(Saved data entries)
- - - - - - -

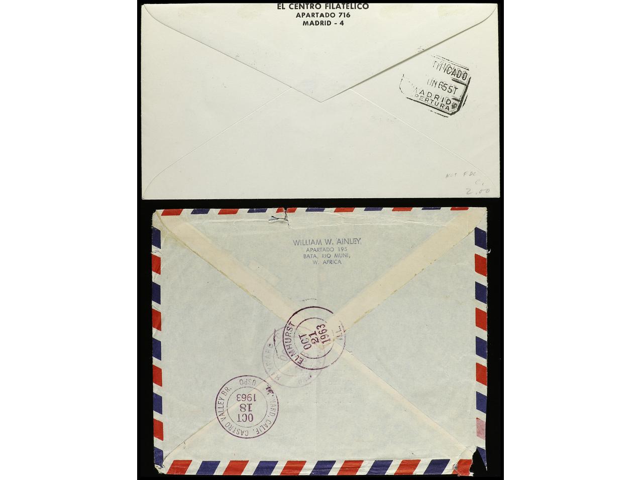 COLONIAS ESPAÑOLAS: GUINEA. 1951-63. Dos cartas circuladas desde Fernando Poo y Bata. (Image1) (Image2)
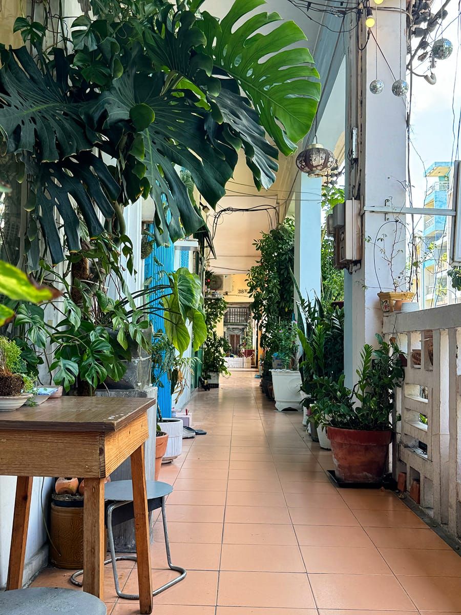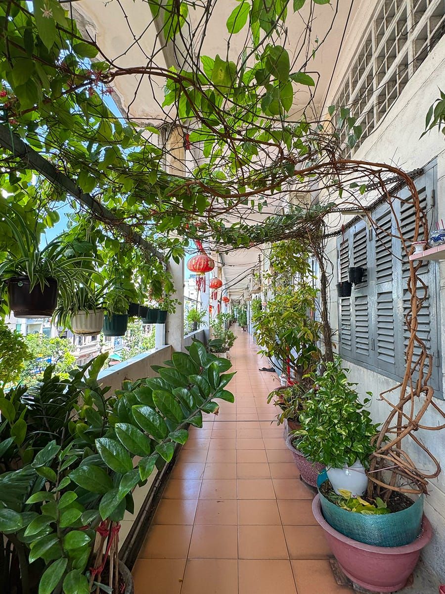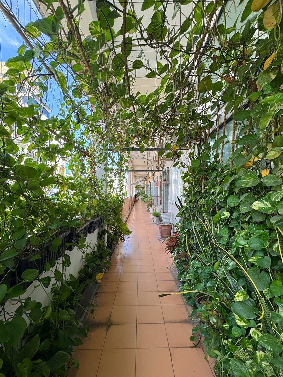 Chỉ cần qua hết các bậc thang của tầng một, bạn thật sự bất ngờ khi các dãy hành lang ở đây không giống chung cư chút nào. Những lối đi nhỏ phủ đầy dây leo, cây xanh và ngay cả một chú chó có gương mặt trầm tư.
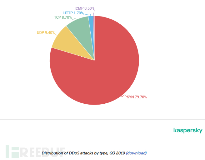 主要攻击类型仍然是SYN泛洪,从84%降至79.7%。排名第二的是UDP攻击(9.4%)。
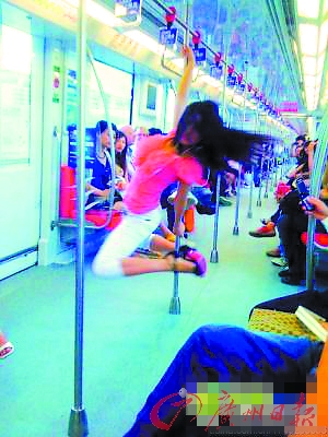 近日,一篇名為《南京地鐵二號線粉紅女郎大秀鋼管舞》的帖子出現(xiàn)在各大論壇,帖子稱,6月1日下午3點(diǎn)多,南京地鐵二號線經(jīng)過學(xué)則路站時,車廂內(nèi)一名粉紅女郎突然站起身,走到車廂一根扶欄下,旁若無人的大秀“鋼管舞”。
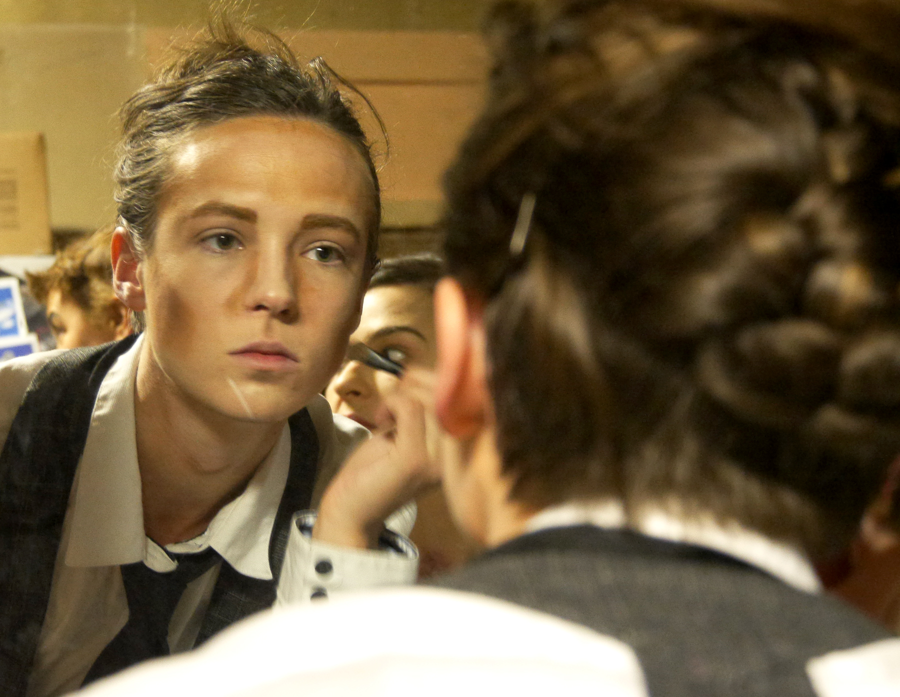 Stephanie Davis works on her contouring, a makeup process that creates highlights and lowlights, turning Davis' feminine features into a more masculine look. (Photo by Tripp J Crouse/KTOO)
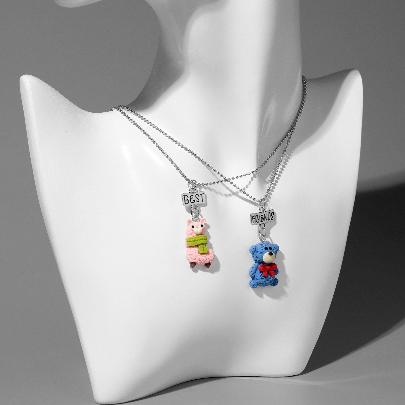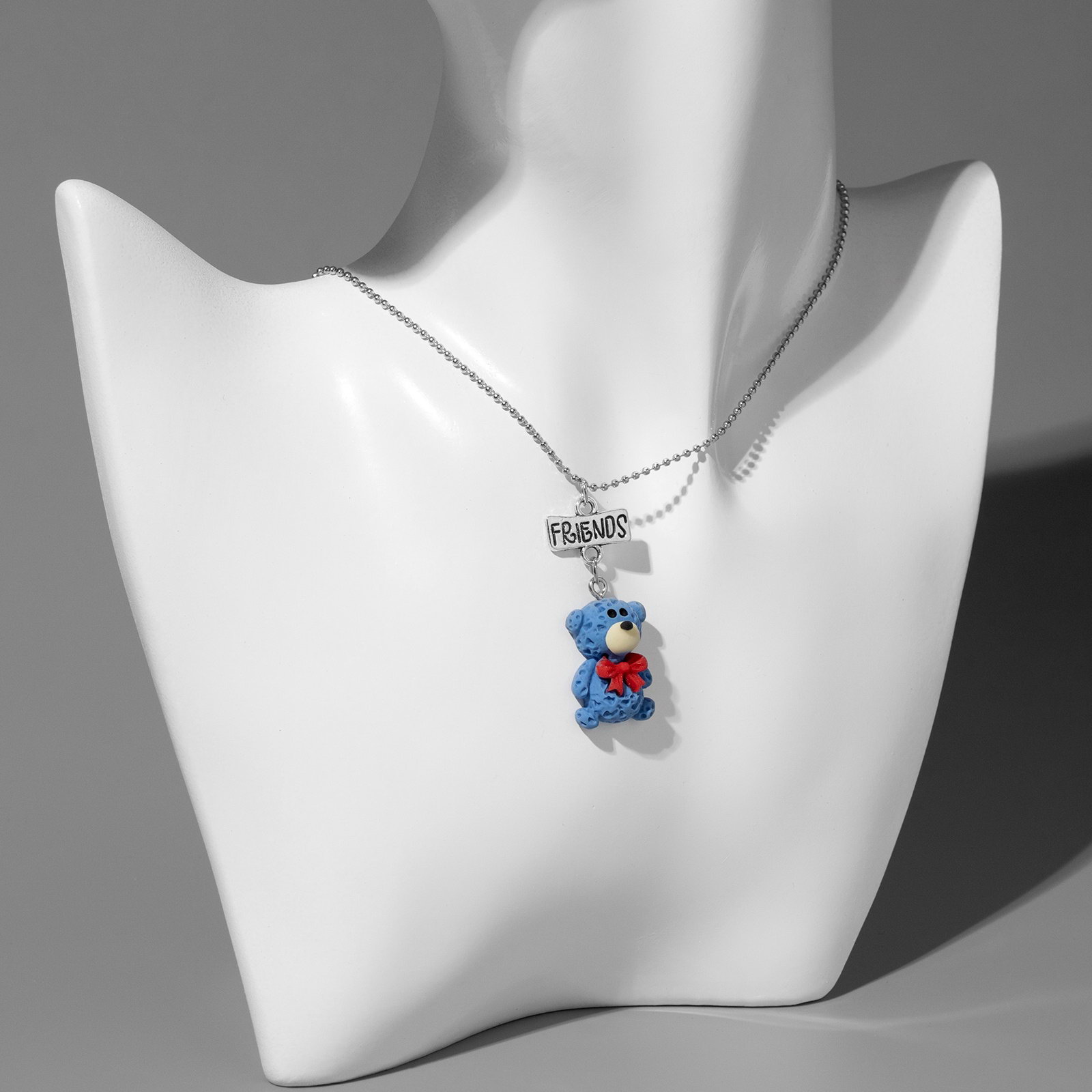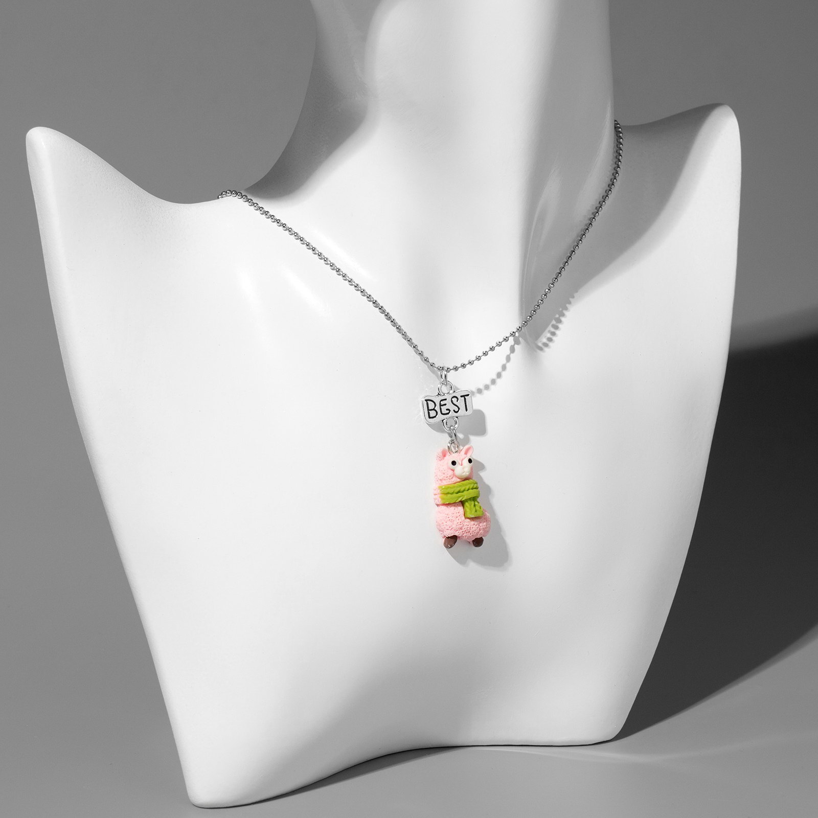 Кулоны парные "Медведь и лама", 40 см, цвет синий/розовый в серебре, 4.5x40x1.5 см., QF, Китай
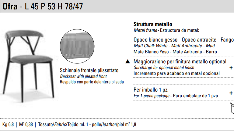 Стул OFRA от SEDIT Italia — это больше чем мебель, это символ статуса и безупречного вкуса. Владея этим предметом интерьера, вы приобретаете частицу итальянского искусства, созданную для тех, кто ценит подлинную роскошь. Выбирайте лучшее — выбирайте SEDIT Italia.
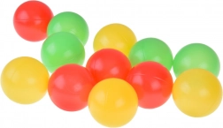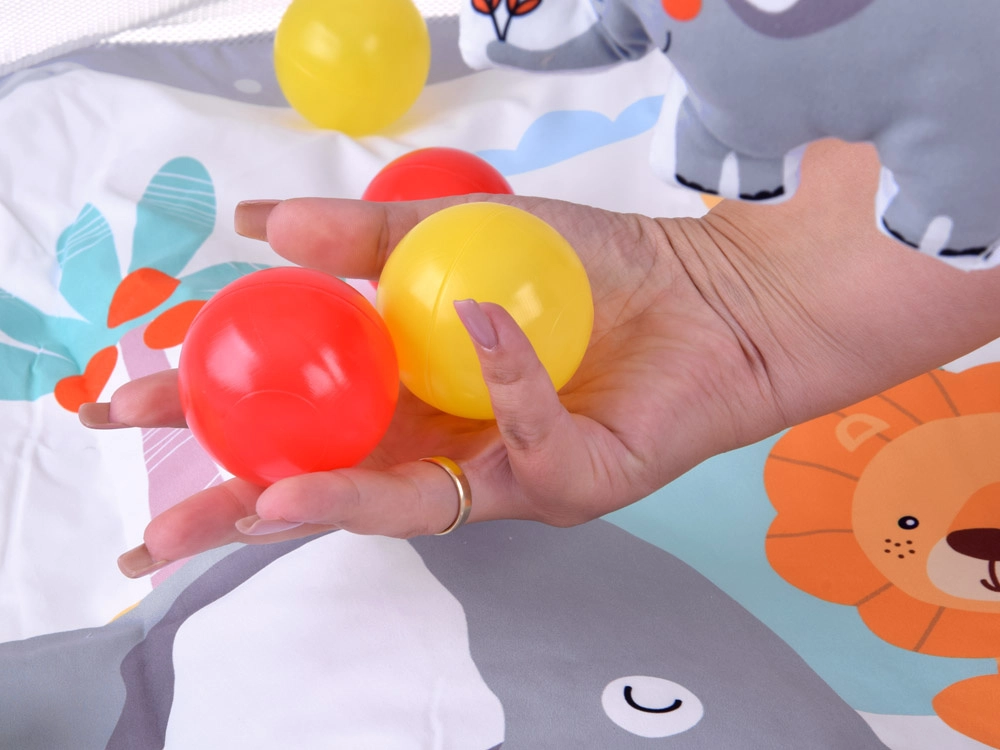 Pluchen diertjes, een zonnetje met wolkje, een babypiegeltje en gekleurde ballen stimuleren zicht, tast en gehoor en moedigen reiken, grijpen en omrollen aan.

- - - - - - -

ASSIGNMENT: Although the records hold pictures, the copy must not; give again exactly the lines from the one with "主要攻击类型仍然是SYN泛洪" through the one with "近日,一篇名為《南京地鐵二號".

SOLUTION TO THIS EXERCISE:
 主要攻击类型仍然是SYN泛洪,从84%降至79.7%。排名第二的是UDP攻击(9.4%)。
 近日,一篇名為《南京地鐵二號線粉紅女郎大秀鋼管舞》的帖子出現(xiàn)在各大論壇,帖子稱,6月1日下午3點(diǎn)多,南京地鐵二號線經(jīng)過學(xué)則路站時,車廂內(nèi)一名粉紅女郎突然站起身,走到車廂一根扶欄下,旁若無人的大秀“鋼管舞”。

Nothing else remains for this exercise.